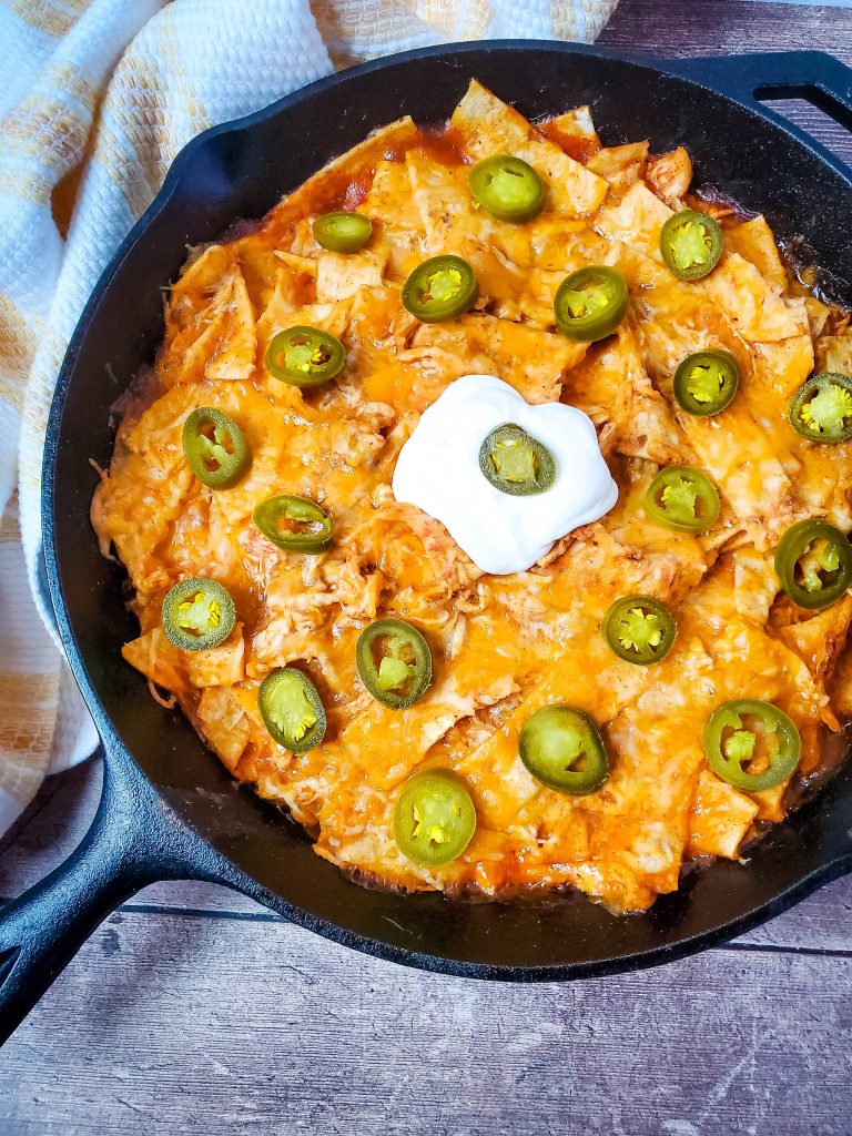 A chicken enchilada skillet casserole is a one-pan meal that features chicken, cheese, and a zesty enchilada sauce. It is easy to make and can be on the table in less than 30 minutes.
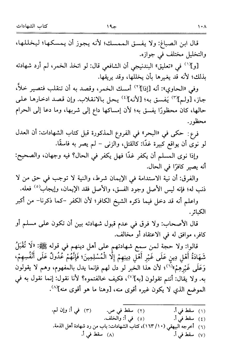 قالوا: ولا حجة لمن سمع شهادتهم على أهل دينهم في قوله صلّى الله عليه وسلّم: ((لا تقبل شهادة أهل دين على غير أهل دينهم إلا المسلمين، فإنهم عدول على أنفسهم، وعلى غيرهم))، لأن هذا الخبر لو دل لهم فإنما يدل بالمفهوم، وهم لا يقولون به. ولا يقال: أنتم تقولون [به]، فكيف خالفتموه؟ لأنا نقول: إنما نقول به في الموضع الذي لا يكون غيره أقوى منه، [وهنا ما هو أقوى منه].
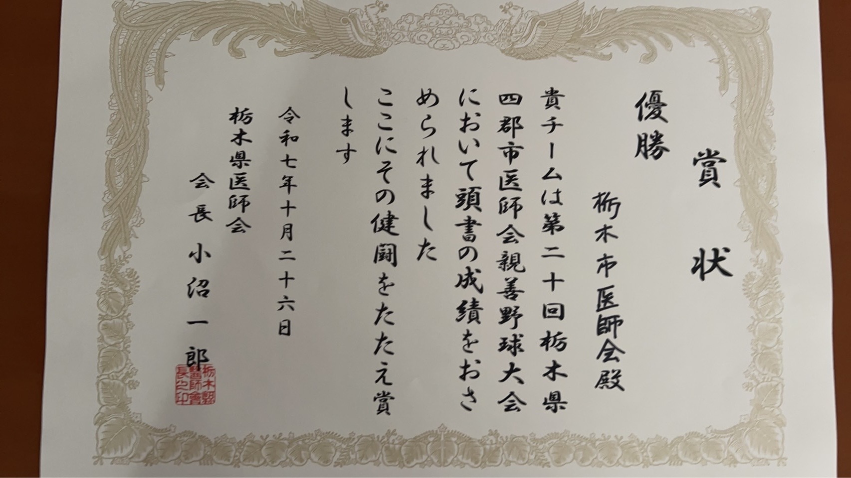下都賀郡医師会の野球チーム、ドクターズが四郡市野球大会で優勝致しました
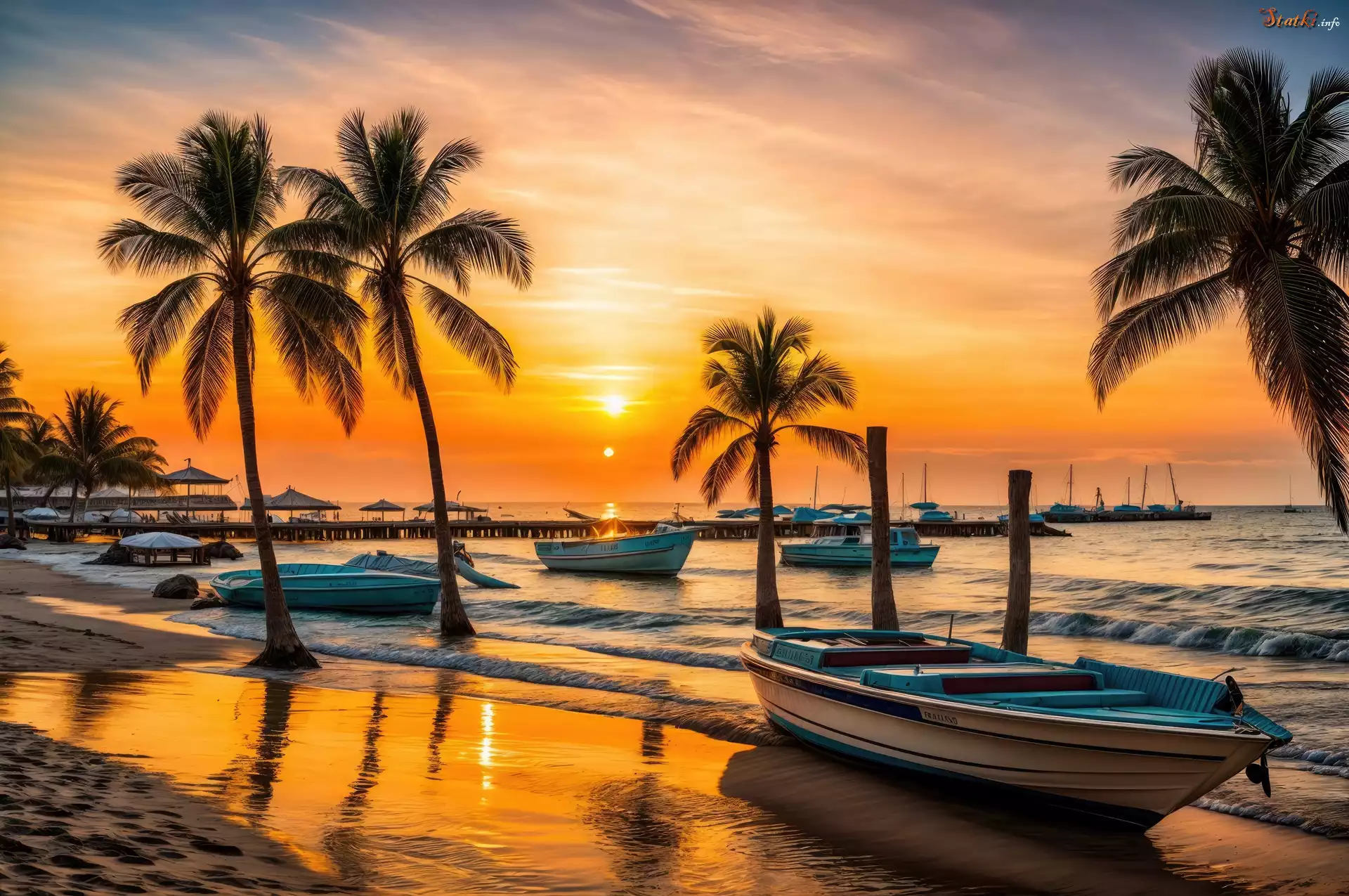 Statek Morze, Łódki, Palmy, Zachód słońca, Grafika
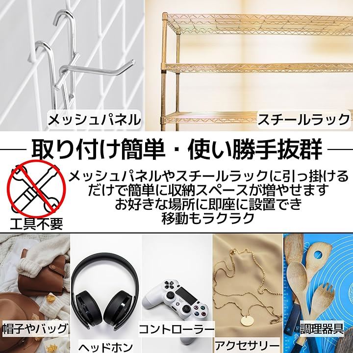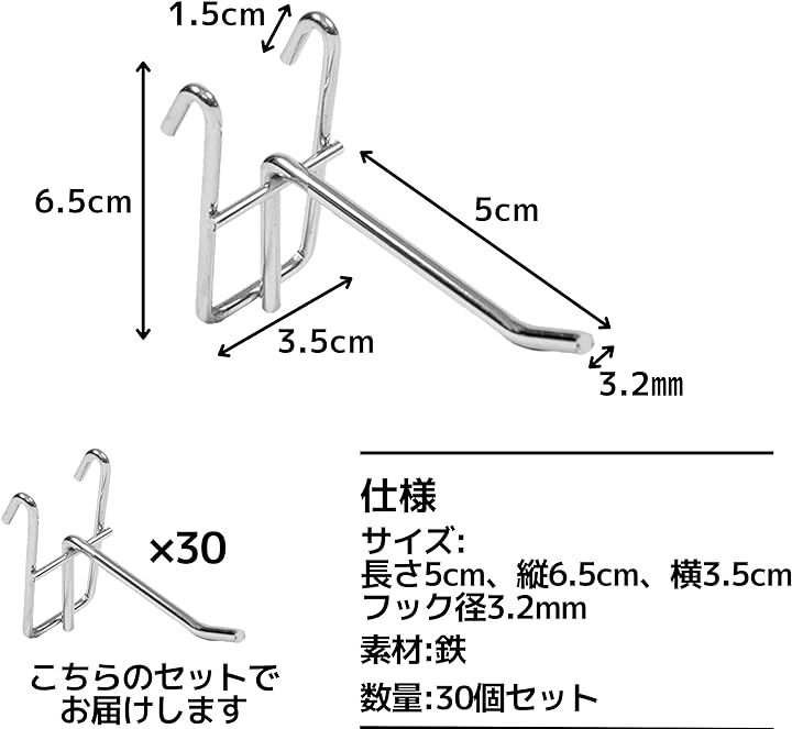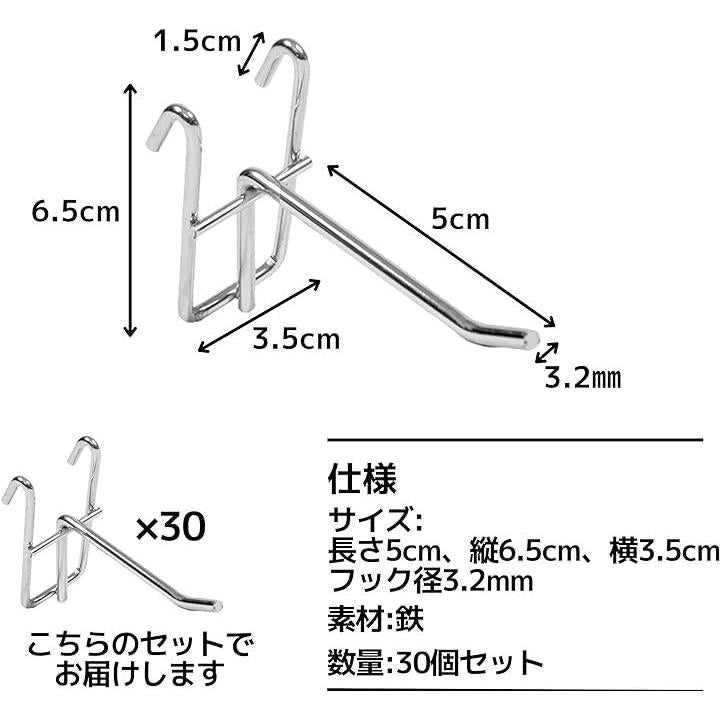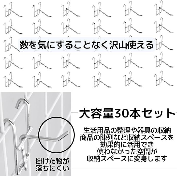 ワイヤーフック ネットフック 有孔ボード メッシュパネル 収納 展示 ディスプレイ 30本セット 50mm
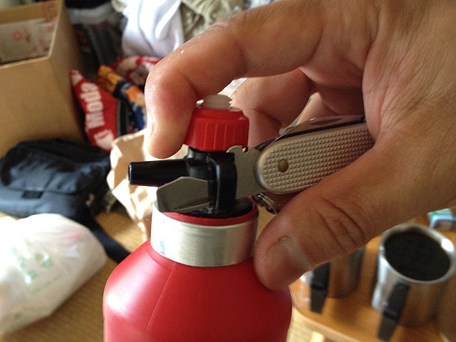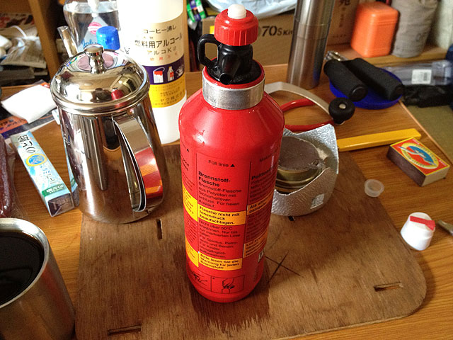 このボトルを買って一等最初に驚いたのは、結構中にバリが残っていて、使う前に濯いで出さねばならなかった事。まぁ、成型で作っているのでしょうが、燃料ボトルとしてはこの雑さは困ります。次に、キャップが殊の外、固いという事です。恐らく、内部で揮発してキャップが爆裂しないように、という事で、ボトルの首の所は金属の輪っかが填っているのですが、キャップを付けているウチに締まってくるのか、手で開けるのは結構難儀します。キャップの真ん中にヒモを通す穴がありますので、そこに棒状の物を入れて、テコの原理で開ける様にしています。
====
> _THE PROBLEM_
Retype everything in the material word for word, minus pictures.

> _EXERCISE RESPONSE_
 A chicken enchilada skillet casserole is a one-pan meal that features chicken, cheese, and a zesty enchilada sauce. It is easy to make and can be on the table in less than 30 minutes.
 قالوا: ولا حجة لمن سمع شهادتهم على أهل دينهم في قوله صلّى الله عليه وسلّم: ((لا تقبل شهادة أهل دين على غير أهل دينهم إلا المسلمين، فإنهم عدول على أنفسهم، وعلى غيرهم))، لأن هذا الخبر لو دل لهم فإنما يدل بالمفهوم، وهم لا يقولون به. ولا يقال: أنتم تقولون [به]، فكيف خالفتموه؟ لأنا نقول: إنما نقول به في الموضع الذي لا يكون غيره أقوى منه، [وهنا ما هو أقوى منه].
下都賀郡医師会の野球チーム、ドクターズが四郡市野球大会で優勝致しました
 Statek Morze, Łódki, Palmy, Zachód słońca, Grafika
 ワイヤーフック ネットフック 有孔ボード メッシュパネル 収納 展示 ディスプレイ 30本セット 50mm
 このボトルを買って一等最初に驚いたのは、結構中にバリが残っていて、使う前に濯いで出さねばならなかった事。まぁ、成型で作っているのでしょうが、燃料ボトルとしてはこの雑さは困ります。次に、キャップが殊の外、固いという事です。恐らく、内部で揮発してキャップが爆裂しないように、という事で、ボトルの首の所は金属の輪っかが填っているのですが、キャップを付けているウチに締まってくるのか、手で開けるのは結構難儀します。キャップの真ん中にヒモを通す穴がありますので、そこに棒状の物を入れて、テコの原理で開ける様にしています。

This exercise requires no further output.